• WHAT TO PRODUCE
When you transcribe the entries, reproduce every character and exclude the images.

(Beginning of TASK INPUT)

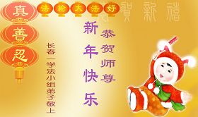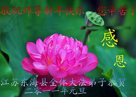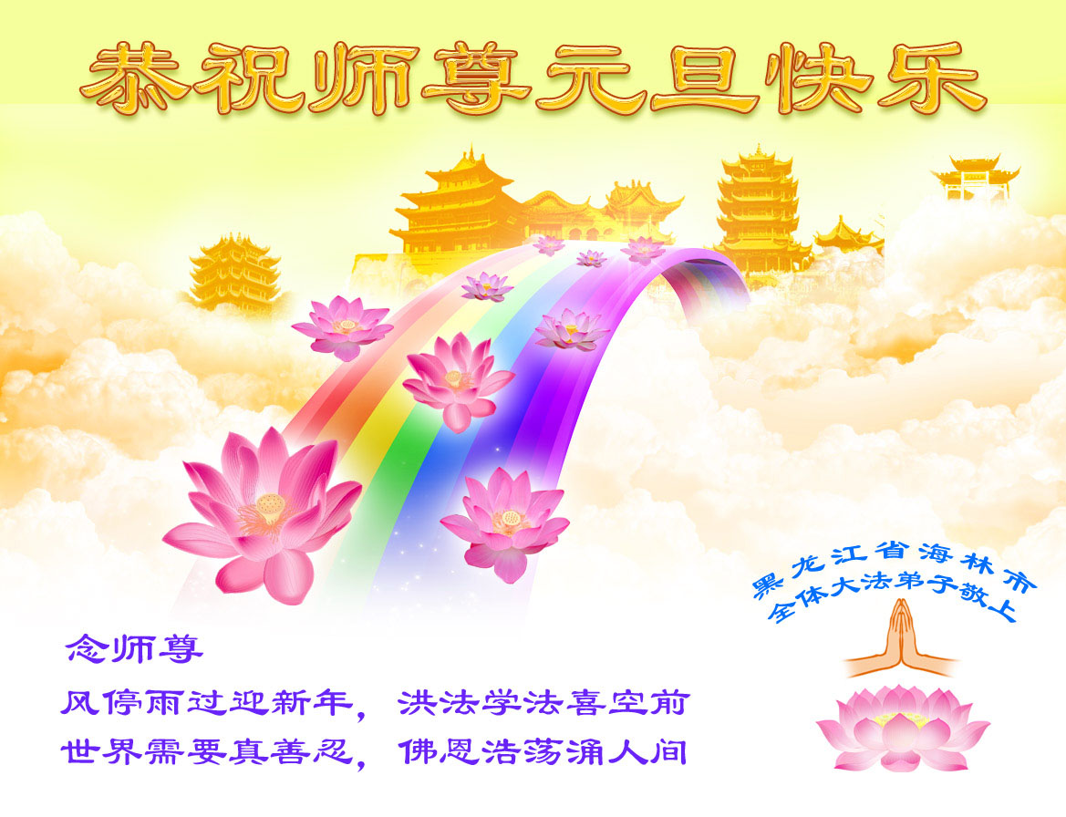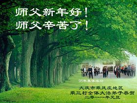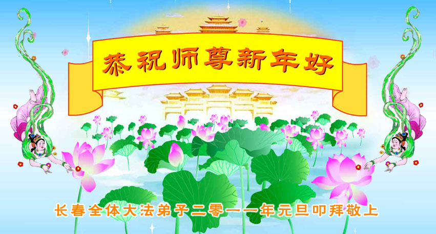 回首走过十一年的正法修炼之路,是师尊牵着我们的手,把我们从跌倒中扶起,一路呵护我们前行。由于以前整体对法理认识不足,吉林市还没能很好的形成整体,给做三件事造成阻碍。在新的一年里我们决心奋起直追,找出不足,放下自我,圆容整体,做好三件事,更好的完成救度这一方众生的使命,让师尊少一份操劳。弟子再一次恭祝师尊新年好!
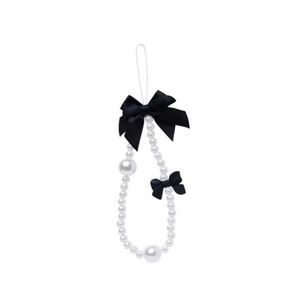 HAMEE PHONEAR リボン&パールDUOストラップ ブラック 661-056751
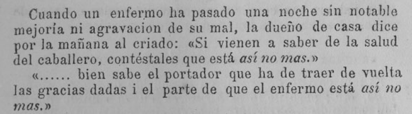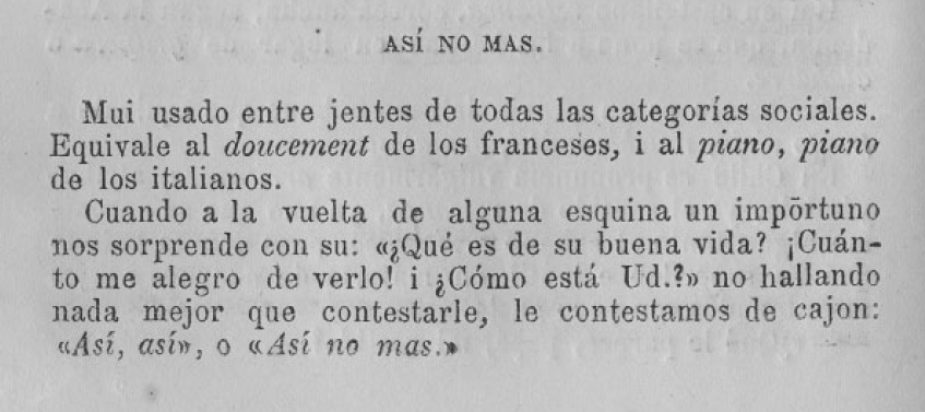 Según la definición entregada por Zorobabel, esta frase era utilizada por todas las categorías sociales y equivalía al italiano “piano, piano” (lentamente, sin apuros). Sin embargo, en los ejemplos que se entregan en el diccionario, corresponde más bien con decir que las cosas no están ni bien ni mal. El texto entrega dos casos: si alguien te pregunta cómo estás y no sabes qué responder, se dice “así no mas”. Si un enfermo no mejora ni empeora, entonces su familia dirá que está “así no mas”.
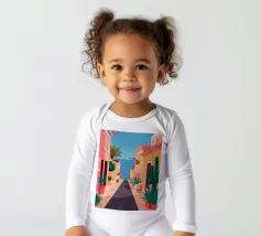 Illustrazione di una stretta strada acciottolata di una colorata città mediterranea, fiancheggiata da cactus in vaso e altre piante, che conduce verso il mare blu.
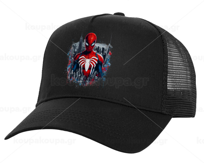 Spiderman City, Structured Trucker Adult Hat, with Mesh, Black (100% COTTON, ADULT, UNISEX, ONE SIZE)
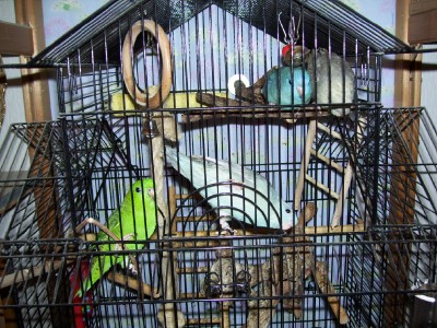 Outia, а клетка не маловата?...иль это только верхняя часть - т. н. "мансарда"? А попугайчики симпатишные - разноцветные.
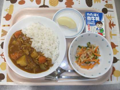 カレーライス・大根サラダ梅肉ソース・果物(りんご)・牛乳
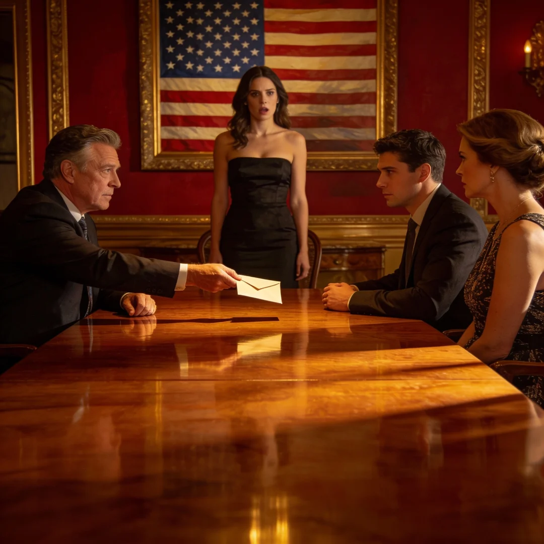 The envelope didn’t slide so much as skate—sleek across varnished mahogany, a blade finding ice. It made a sound rooms remember, the soft, certain sigh that says a decision is already walking toward you. Richard Hastings pushed it, then sat back like a man who expects applause. Candles drew points of light in the crystal; the china reflected a life built to shimmer.
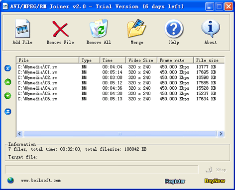 Boilsoft Video Joiner umožňuje snadno spojit více video souborů do jednoho většího. Soubory jsou spojovány přímo, bez opakované komprese a ztráty kvality. Podporuje formáty AVI, MPEG(MPG), RM(Real Media), ASF/WMV, 3GP a MP4. Snadná je změna uspořádání jednotlivých sekvencí.

(End of TASK INPUT)

• EXERCISE RESPONSE
 回首走过十一年的正法修炼之路,是师尊牵着我们的手,把我们从跌倒中扶起,一路呵护我们前行。由于以前整体对法理认识不足,吉林市还没能很好的形成整体,给做三件事造成阻碍。在新的一年里我们决心奋起直追,找出不足,放下自我,圆容整体,做好三件事,更好的完成救度这一方众生的使命,让师尊少一份操劳。弟子再一次恭祝师尊新年好!
 HAMEE PHONEAR リボン&パールDUOストラップ ブラック 661-056751
 Según la definición entregada por Zorobabel, esta frase era utilizada por todas las categorías sociales y equivalía al italiano “piano, piano” (lentamente, sin apuros). Sin embargo, en los ejemplos que se entregan en el diccionario, corresponde más bien con decir que las cosas no están ni bien ni mal. El texto entrega dos casos: si alguien te pregunta cómo estás y no sabes qué responder, se dice “así no mas”. Si un enfermo no mejora ni empeora, entonces su familia dirá que está “así no mas”.
 Illustrazione di una stretta strada acciottolata di una colorata città mediterranea, fiancheggiata da cactus in vaso e altre piante, che conduce verso il mare blu.
 Spiderman City, Structured Trucker Adult Hat, with Mesh, Black (100% COTTON, ADULT, UNISEX, ONE SIZE)
 Outia, а клетка не маловата?...иль это только верхняя часть - т. н. "мансарда"? А попугайчики симпатишные - разноцветные.
 カレーライス・大根サラダ梅肉ソース・果物(りんご)・牛乳
 The envelope didn’t slide so much as skate—sleek across varnished mahogany, a blade finding ice. It made a sound rooms remember, the soft, certain sigh that says a decision is already walking toward you. Richard Hastings pushed it, then sat back like a man who expects applause. Candles drew points of light in the crystal; the china reflected a life built to shimmer.
 Boilsoft Video Joiner umožňuje snadno spojit více video souborů do jednoho většího. Soubory jsou spojovány přímo, bez opakované komprese a ztráty kvality. Podporuje formáty AVI, MPEG(MPG), RM(Real Media), ASF/WMV, 3GP a MP4. Snadná je změna uspořádání jednotlivých sekvencí.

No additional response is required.